Given information

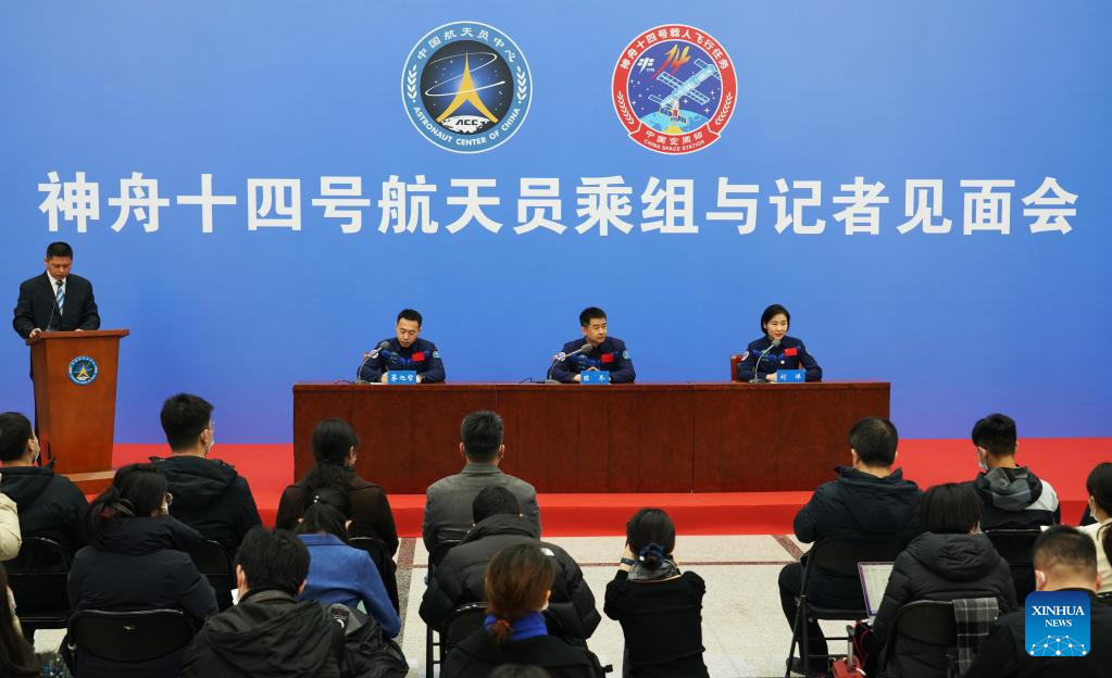 The Shenzhou-14 crew members attend a press conference in Beijing, capital of China, Feb. 17, 2023. The three astronauts of China's Shenzhou-14 crewed mission met with press on Friday, in their first such appearance since returning to Earth in December. (Xinhua/Guo Zhongzheng)
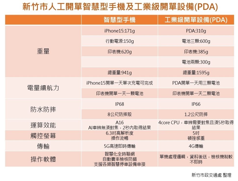 新竹市路邊停車人工開單作業設大升級,市府為解決現有停管員手持工業級開單設備(PDA)的電池續航力差、重量重、網路遲延、輸入車牌易誤植等缺點,全國首創引進智慧型手機iPhone 15開停車單,能協助停管員提升作業效率、減輕工作負擔。
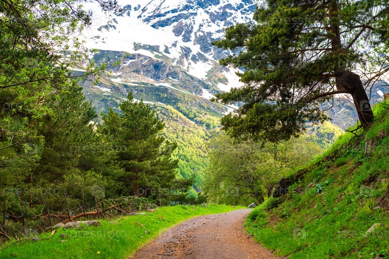 Живописная горная тропа с соснами на фоне заснеженного обрыва. Горы Северного Кавказа. Россия

Your task
Only the pictures are to be omitted; restate everything else above exactly.

Task result
 The Shenzhou-14 crew members attend a press conference in Beijing, capital of China, Feb. 17, 2023. The three astronauts of China's Shenzhou-14 crewed mission met with press on Friday, in their first such appearance since returning to Earth in December. (Xinhua/Guo Zhongzheng)
 新竹市路邊停車人工開單作業設大升級,市府為解決現有停管員手持工業級開單設備(PDA)的電池續航力差、重量重、網路遲延、輸入車牌易誤植等缺點,全國首創引進智慧型手機iPhone 15開停車單,能協助停管員提升作業效率、減輕工作負擔。
 Живописная горная тропа с соснами на фоне заснеженного обрыва. Горы Северного Кавказа. Россия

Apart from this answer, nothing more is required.